Friday, August 13, 2021

IF THE COVID DOOMSAYERS ARE RIGHT, EXPECT A LOT MORE INFECTIONS -- AND MAYBE A GOP WAVE ELECTION

David Wallace-Wells of New York magazine has been talking to COVID experts who are looking at the performance of the Delta variant and don't believe we're in a pandemic of the unvaccinated.
“The message that breakthrough cases are exceedingly rare and that you don’t have to worry about them if you’re vaccinated — that this is only an epidemic of the unvaccinated — that message is falling flat,” Harvard epidemiologist Michael Mina told me.... “If this was still Alpha, sure. But with Delta, plenty of people are getting sick. Plenty of transmission is going on. And my personal opinion is that the whole notion of herd immunity from two vaccine shots is flying out the window very quickly with this new variant.”

“We’re seeing a lot more spread in vaccinated people,” agreed Scripps’s Eric Topol, who estimated that the vaccines’ efficacy against symptomatic transmission, which he estimated to be 90 percent or above for the wild-type strain and all previous variants, had fallen to about 60 percent for Delta. “That’s a big drop.” Later, he suggested it might have fallen to 50 percent, and that new data about to be published in the U.S. would suggest an even lower rate. On Wednesday, a large pre-print study published by the Mayo clinic suggested the efficacy against infection had fallen as far as 42 percent.
Mina, the Harvard epidemiologist, believes that the vaccines aren't doing a very good job of preventing transmission by the vaccinated, because of the extreme transmissibility of Delta.
... my lab has probably done as much as anyone in the world at this point to really understand all of the confounding factors with viral loads. Now, I’m no oracle here. But what I do well is I look at, what should we expect from the immune system? What should we expect from viral kinetics and how would that play out in the population data? And if your peak viral load is at a billion or a trillion copies per milliliter, you’re going to transmit.

... I would say, tentatively, that, if we had a crystal ball, and we could say there are X number of people who have been exposed, then the probability of an exposure turning into an infection is, as an example, 30 percent lower amongst vaccinated.

... I’d say that there’s a very good chance that vaccines will help prevent an exposure turning into an infection.

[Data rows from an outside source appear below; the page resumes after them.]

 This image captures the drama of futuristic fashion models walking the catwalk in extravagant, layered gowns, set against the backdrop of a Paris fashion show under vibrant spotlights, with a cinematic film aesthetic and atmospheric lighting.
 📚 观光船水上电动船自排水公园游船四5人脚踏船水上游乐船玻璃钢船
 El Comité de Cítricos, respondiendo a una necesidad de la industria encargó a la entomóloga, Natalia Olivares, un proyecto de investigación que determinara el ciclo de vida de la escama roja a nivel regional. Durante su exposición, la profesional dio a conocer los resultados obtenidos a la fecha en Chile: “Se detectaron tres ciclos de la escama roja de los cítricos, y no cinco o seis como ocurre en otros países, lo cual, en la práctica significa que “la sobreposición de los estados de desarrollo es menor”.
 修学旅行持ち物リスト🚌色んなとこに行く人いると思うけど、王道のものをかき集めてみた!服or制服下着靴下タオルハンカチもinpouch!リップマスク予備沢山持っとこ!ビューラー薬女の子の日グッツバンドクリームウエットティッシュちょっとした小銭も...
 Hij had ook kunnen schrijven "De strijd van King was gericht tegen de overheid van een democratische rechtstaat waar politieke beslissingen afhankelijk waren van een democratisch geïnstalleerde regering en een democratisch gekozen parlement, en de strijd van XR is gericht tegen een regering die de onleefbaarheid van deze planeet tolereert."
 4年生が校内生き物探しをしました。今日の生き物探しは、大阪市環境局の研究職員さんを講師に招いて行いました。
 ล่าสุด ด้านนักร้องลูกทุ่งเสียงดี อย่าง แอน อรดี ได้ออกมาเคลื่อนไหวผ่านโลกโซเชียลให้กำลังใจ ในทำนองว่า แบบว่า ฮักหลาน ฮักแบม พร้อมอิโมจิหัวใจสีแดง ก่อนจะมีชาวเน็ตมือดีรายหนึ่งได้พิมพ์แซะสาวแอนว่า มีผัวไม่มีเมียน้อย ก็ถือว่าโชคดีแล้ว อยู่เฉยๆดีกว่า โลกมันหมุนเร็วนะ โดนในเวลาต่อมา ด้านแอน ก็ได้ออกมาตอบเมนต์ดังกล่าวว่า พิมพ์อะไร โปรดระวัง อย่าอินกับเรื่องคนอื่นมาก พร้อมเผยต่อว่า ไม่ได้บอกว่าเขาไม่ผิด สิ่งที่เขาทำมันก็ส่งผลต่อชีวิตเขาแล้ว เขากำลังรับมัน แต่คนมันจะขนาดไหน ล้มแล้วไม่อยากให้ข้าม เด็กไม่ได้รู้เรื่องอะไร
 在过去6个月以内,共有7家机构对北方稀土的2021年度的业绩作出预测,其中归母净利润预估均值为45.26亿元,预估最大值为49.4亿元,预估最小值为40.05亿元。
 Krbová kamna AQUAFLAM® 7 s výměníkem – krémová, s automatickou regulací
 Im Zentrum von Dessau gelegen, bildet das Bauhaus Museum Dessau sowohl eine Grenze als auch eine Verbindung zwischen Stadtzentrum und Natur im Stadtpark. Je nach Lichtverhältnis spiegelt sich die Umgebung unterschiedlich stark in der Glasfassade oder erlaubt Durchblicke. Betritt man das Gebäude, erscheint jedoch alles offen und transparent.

But amongst those who are getting infected and detected, the viral loads are really high. And we’re clearly seeing transmission happen. We’re seeing outbreaks happen amongst vaccinated groups.
He thinks the surges we're seeing now will happen will happen elsewhere, including highly vaccinated parts of the country, in part because the immunity of the vaccinated elderly is likely to wane. (He expects them to need booster shots.)
... Florida will get through this relatively quickly, because it’s burning through the state so quickly already. But by the time it gets to the Northeast and really takes over here, I think we’ll be pushing into late September, and we still have a lot of cases happening.

And at that point, we’re going to start seeing seasonality really take hold. So I think it will be very similar in fact to what we’ve seen across the world and across this country before — multiple waves, spatially segregated. That’s because we’re a large country with different kinds of attack for this virus and different strategies to control it. And so for the U.S. as a whole that just ends up creating a much longer duration wave than what we see in a smaller country like the U.K., for example.
If Mina and Topol are right -- especially about surges in vaccinated America -- one of the consequences will be political. Ron DeSantis and his rooting section, which includes not just the entire American right but much of the mainstream media, will expect liberals to eat crow, and blame themselves for the autumn and winter surges. President Biden, who staked so much of his reputation on his ability to contain the pandemic more effectively than Donald Trump, will begin to be perceived as a failure.

I already believe 2022 will be a good year for Republicans. The GOP knows how to fire up its voters for midterm cycles; Democrats usually don't. But if we're about to go through another bad pandemic year, and experience surges in blue and purple areas as well as red ones, then the party identified with vaccines and a strong belief in public health is likely to get blamed when public health measures don't seem to work. It's not our fault that we didn't know what Delta would be like, but that won't stop Republicans from saying that our approach has failed.

The worst predictions might not come true. If they do, voters might rally around the party that seems to care about doing the right thing. A combination of vaccines and natural immunity might allow us to feel reasonably safe in the spring of 2022 -- a few months before the midterms.

But bad COVID news in the next year could be bad for Democrats. Be ready for that.